• _MATERIAL FOR THE TASK_:
-*-
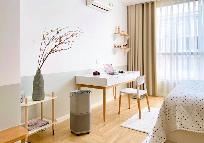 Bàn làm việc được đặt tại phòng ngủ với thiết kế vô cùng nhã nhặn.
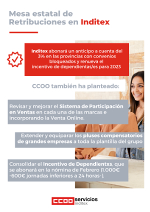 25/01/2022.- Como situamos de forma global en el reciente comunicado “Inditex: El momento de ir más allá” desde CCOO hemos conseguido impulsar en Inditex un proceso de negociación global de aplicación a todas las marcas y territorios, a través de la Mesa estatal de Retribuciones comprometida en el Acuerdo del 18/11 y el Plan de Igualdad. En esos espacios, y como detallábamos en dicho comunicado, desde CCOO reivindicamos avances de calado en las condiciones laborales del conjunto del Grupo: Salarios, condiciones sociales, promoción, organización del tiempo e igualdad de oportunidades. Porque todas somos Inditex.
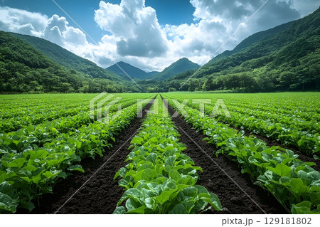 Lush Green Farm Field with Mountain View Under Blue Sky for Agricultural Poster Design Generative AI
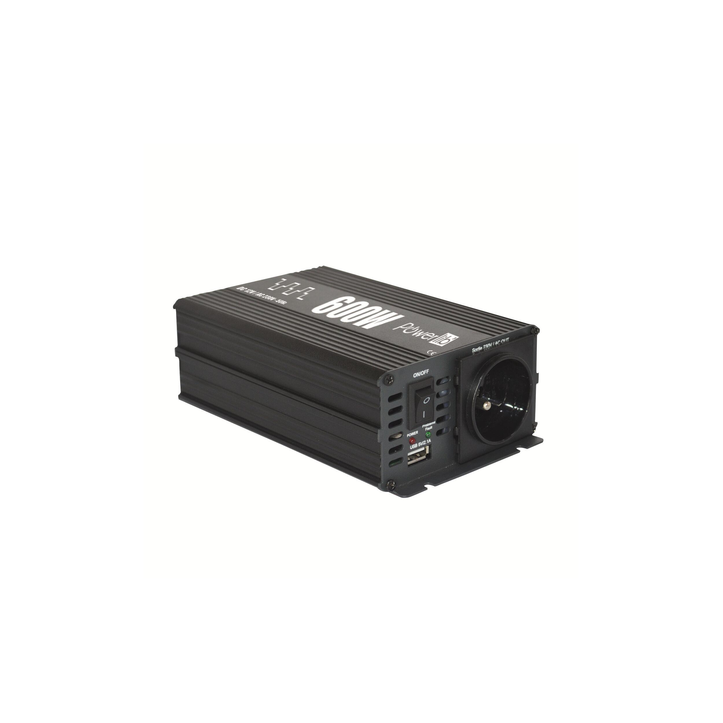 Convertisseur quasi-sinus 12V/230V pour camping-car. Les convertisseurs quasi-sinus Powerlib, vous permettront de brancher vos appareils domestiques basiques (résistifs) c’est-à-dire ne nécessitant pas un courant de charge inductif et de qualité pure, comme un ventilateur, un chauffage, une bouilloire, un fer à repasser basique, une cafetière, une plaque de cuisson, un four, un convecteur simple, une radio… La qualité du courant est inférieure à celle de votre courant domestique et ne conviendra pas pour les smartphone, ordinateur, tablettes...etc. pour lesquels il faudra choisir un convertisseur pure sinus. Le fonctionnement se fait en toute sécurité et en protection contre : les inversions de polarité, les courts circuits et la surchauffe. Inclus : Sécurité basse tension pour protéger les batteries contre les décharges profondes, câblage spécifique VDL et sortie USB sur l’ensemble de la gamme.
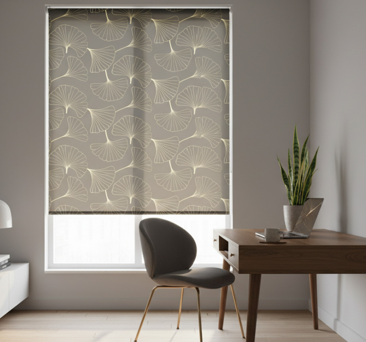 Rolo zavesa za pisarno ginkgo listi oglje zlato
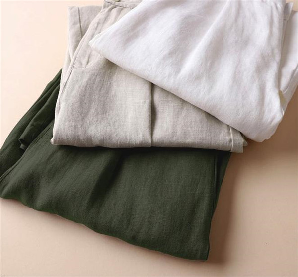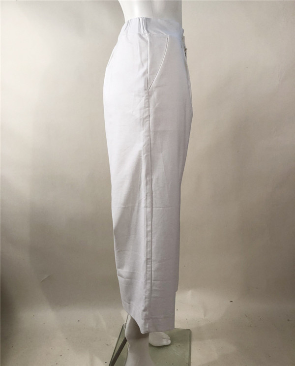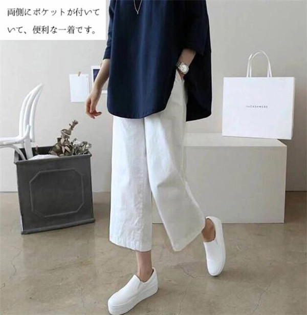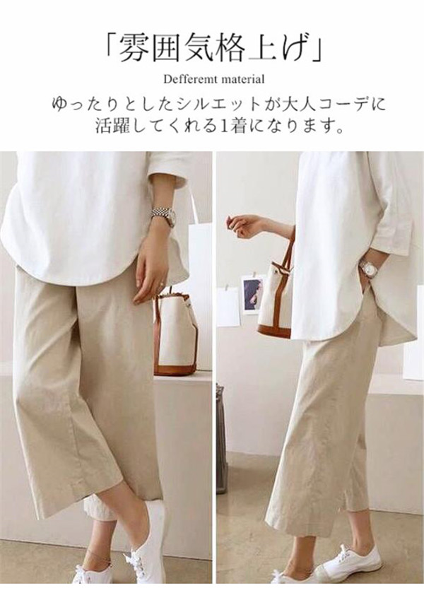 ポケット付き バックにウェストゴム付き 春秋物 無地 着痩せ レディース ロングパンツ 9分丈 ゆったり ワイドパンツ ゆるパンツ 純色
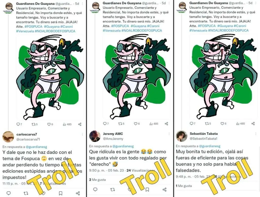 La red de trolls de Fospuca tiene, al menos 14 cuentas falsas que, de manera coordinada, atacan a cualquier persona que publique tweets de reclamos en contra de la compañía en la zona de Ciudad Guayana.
-*-
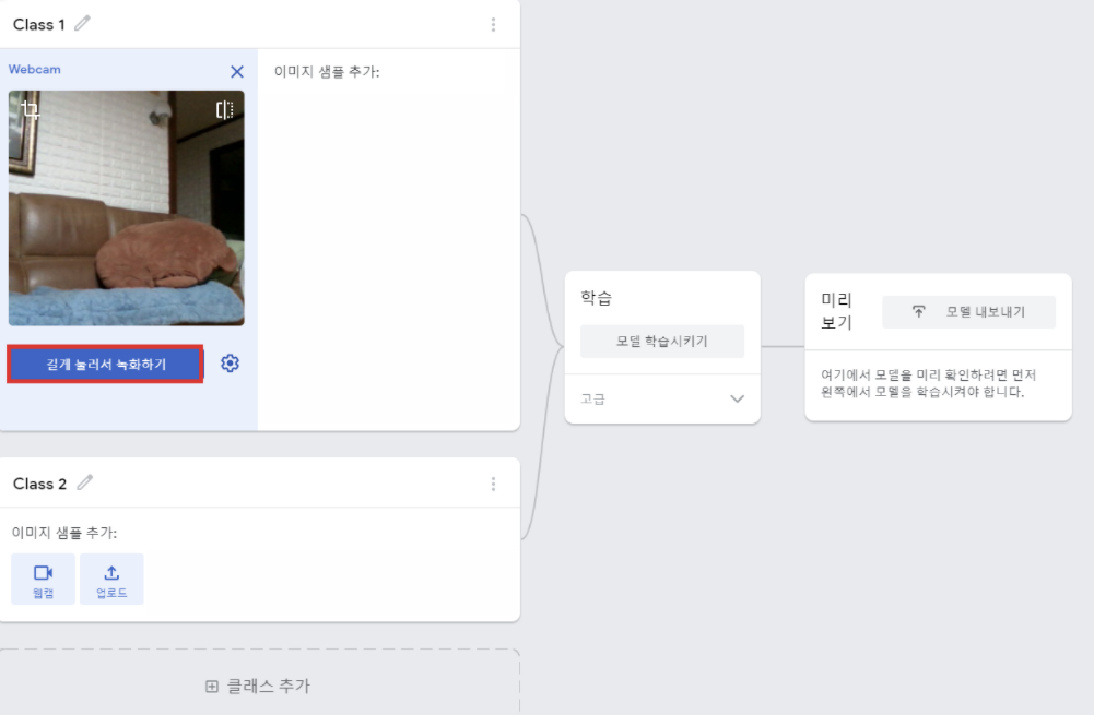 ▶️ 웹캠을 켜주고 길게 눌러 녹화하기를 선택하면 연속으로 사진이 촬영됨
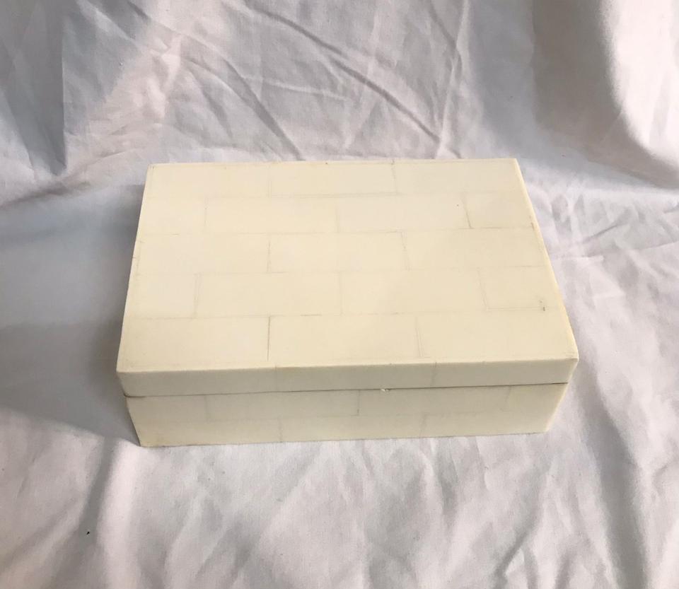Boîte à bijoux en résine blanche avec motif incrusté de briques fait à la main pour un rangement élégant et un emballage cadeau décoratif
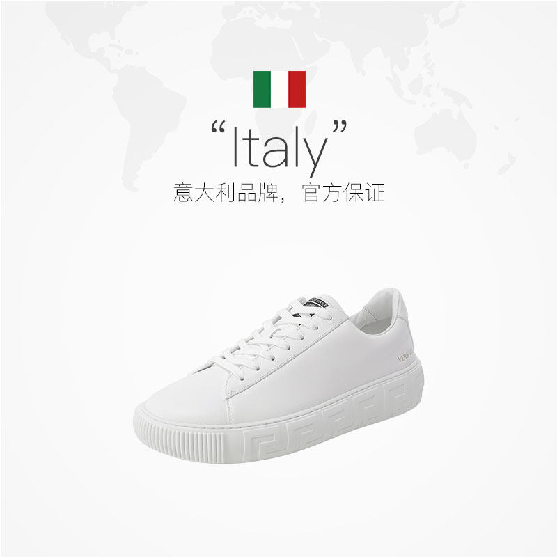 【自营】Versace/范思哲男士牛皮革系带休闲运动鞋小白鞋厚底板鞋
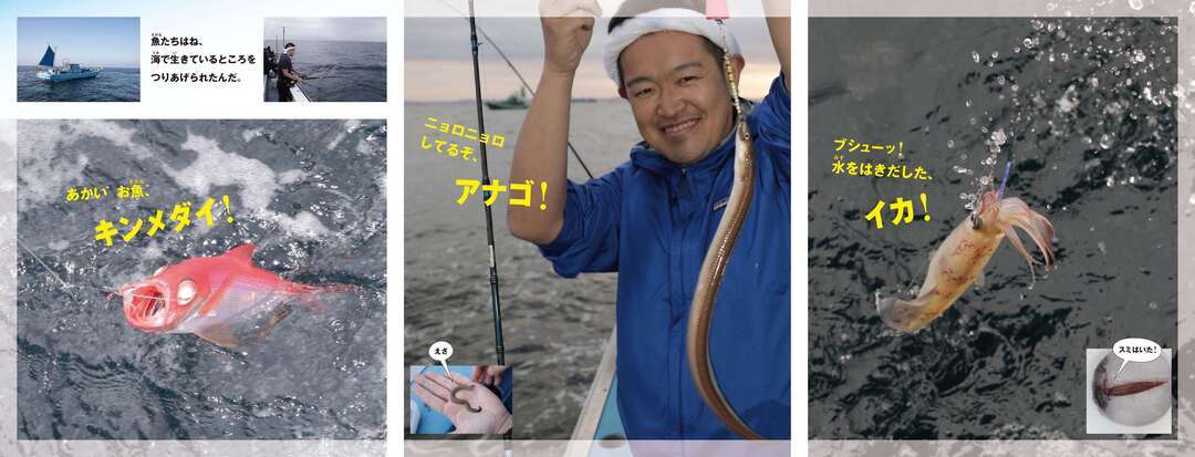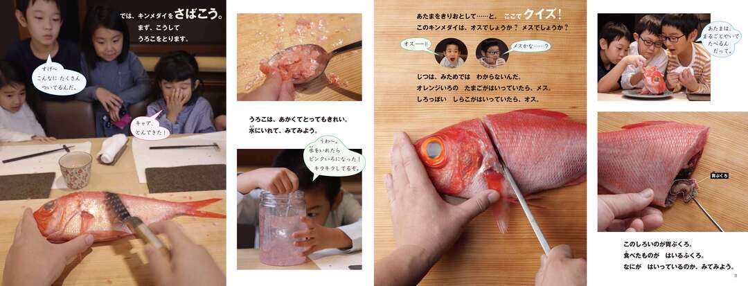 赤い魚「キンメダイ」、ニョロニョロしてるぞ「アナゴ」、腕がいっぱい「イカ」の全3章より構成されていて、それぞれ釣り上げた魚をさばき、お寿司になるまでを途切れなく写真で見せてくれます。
-*-
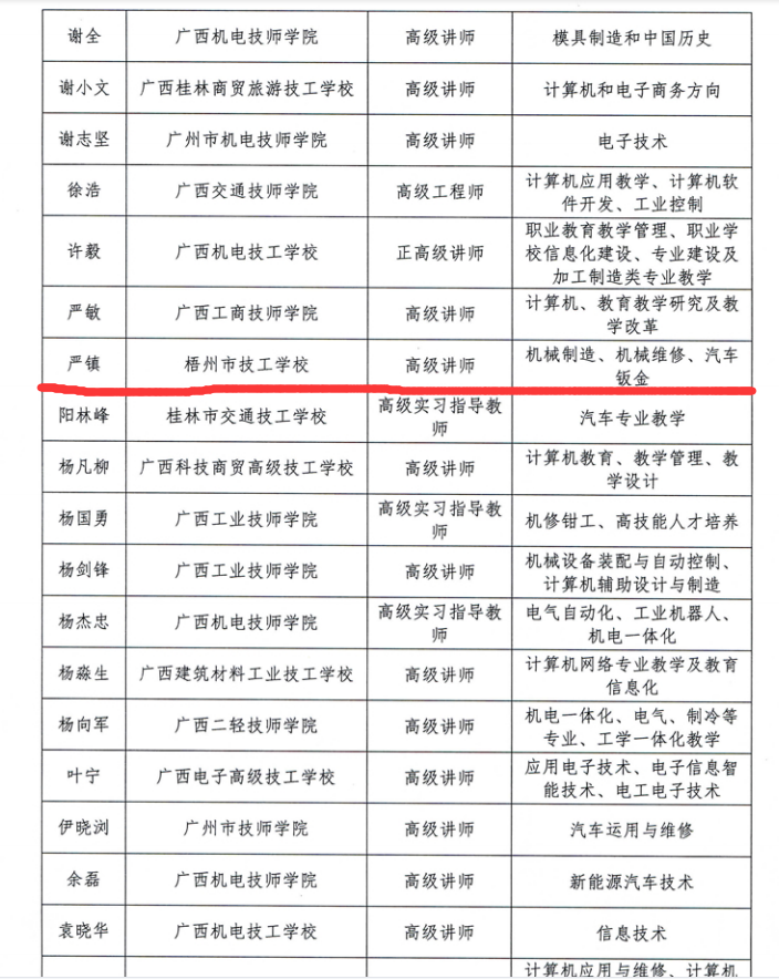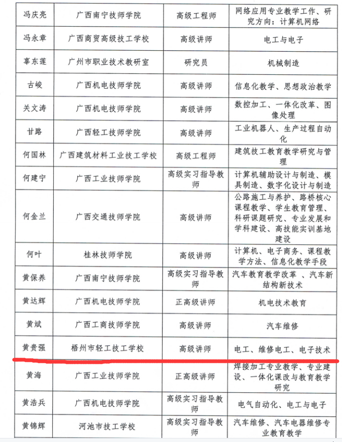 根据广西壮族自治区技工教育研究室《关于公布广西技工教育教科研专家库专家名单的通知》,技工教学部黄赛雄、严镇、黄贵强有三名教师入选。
-*-
• _WHAT YOU WILL DO_: The answer should consist only of the lines above from the one with "Boîte à bijoux" through the one with "赤い魚「キンメダイ」、ニョロ", repeated exactly, with no pictures among them.

• _SOLUTION TO THE EXERCISE_:
Boîte à bijoux en résine blanche avec motif incrusté de briques fait à la main pour un rangement élégant et un emballage cadeau décoratif
 【自营】Versace/范思哲男士牛皮革系带休闲运动鞋小白鞋厚底板鞋
 赤い魚「キンメダイ」、ニョロニョロしてるぞ「アナゴ」、腕がいっぱい「イカ」の全3章より構成されていて、それぞれ釣り上げた魚をさばき、お寿司になるまでを途切れなく写真で見せてくれます。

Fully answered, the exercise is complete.